City revenue sources are minimally diversified, relying largely on sales tax—overwhelmingly from auto sales—and property taxes. The up and down nature of sales taxes, rising and falling as they do with the broader economy, means that today’s solid numbers can easily evaporate in a few short years. Property taxes adjust upward with the pace of inflation—resetting only when homes are sold. And while the current improving economy has led to significant “resetting,” these revenues do not, over time, grow in a way that keeps up with the costs of service delivery. So while today’s revenue picture is much improved over a just a few years ago, the recent history of our, and most other California cities, should remind us how fleeting such positives can be.

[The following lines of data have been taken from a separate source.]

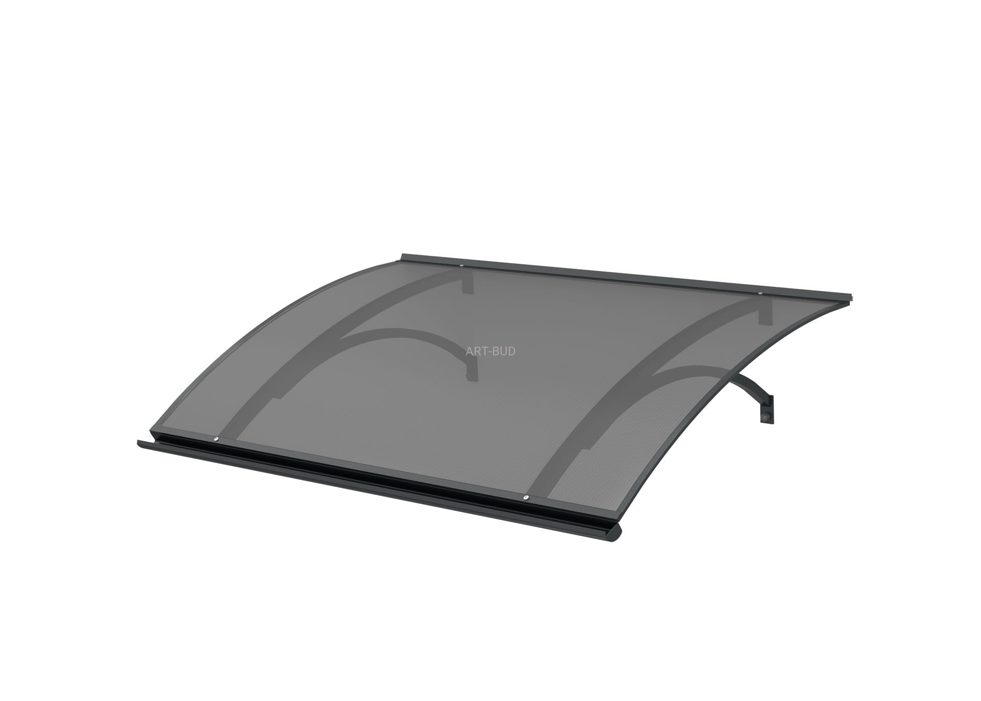 Zadaszenie w kształcie markizy z rynienką odpływową oraz uszczelką przyścienną. Konstrukcja wykonana z aluminium malowanego proszkowo - kolor biały RAL 9016, kolor brązowy RAL 8017 lub kolor antracyt RAL 7016. Wypełnienie- płyta poliwęglan komorowy bezbarwny/dymny z obustronnym filtrem UV.
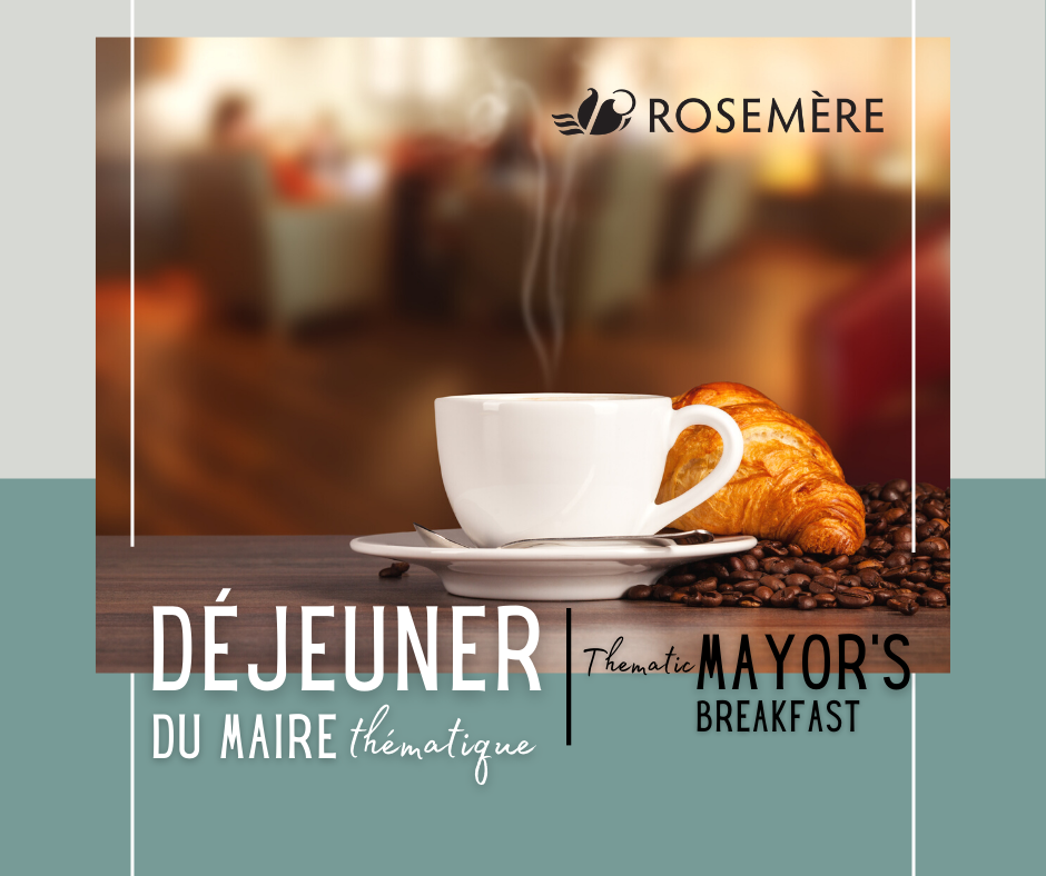 Le prochain déjeuner du maire se tiendra le samedi 24 février, dès 9 h 30, dans la verrière de la bibliothèque municipale H.-J.-Hemens (339 ch. de la Grande-Côte).
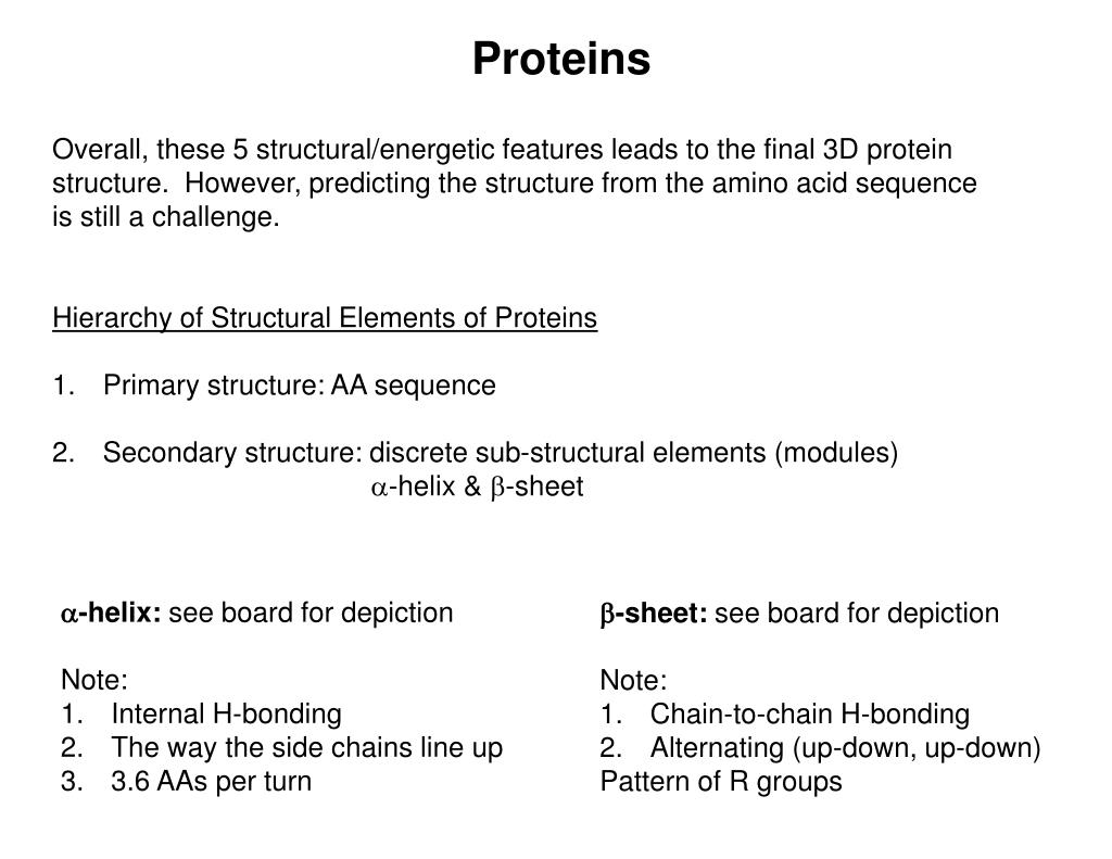 Proteins • Overall, these 5 structural/energetic features leads to the final 3D protein • structure. However, predicting the structure from the amino acid sequence • is still a challenge. • Hierarchy of Structural Elements of Proteins • Primary structure: AA sequence • Secondary structure: discrete sub-structural elements (modules) a-helix & b-sheet a-helix: see board for depiction Note: Internal H-bonding The way the side chains line up 3.6 AAs per turn b-sheet: see board for depiction Note: Chain-to-chain H-bonding Alternating (up-down, up-down) Pattern of R groups

Is this an over gloomy picture of our local fiscal situation? I don’t think so. Very few if any California cities—Davis included—can claim to be fiscally “sustainable” at this point in time.
At a recent League of California Cities’ Conference (a conference for City Council members and Senior City staff) the most “oversubscribed” sessions concerned discussions about how to reduce retiree medical costs, dealing with maintenance backlogs, and the future of pension costs and pension reform. Attendees, of which I was one, left these sessions in a somber mood, each one returning to his/her own city wondering how we are going to find fiscally sound ways forward.
And so I am left with questions…
Is our budget balanced? Not if our budget accounts for all our costs (which it should).
Are we fiscally resilient? Not without greater diversification of revenues.
Is our local fiscal situation doing very well? I am simply not ready to say that.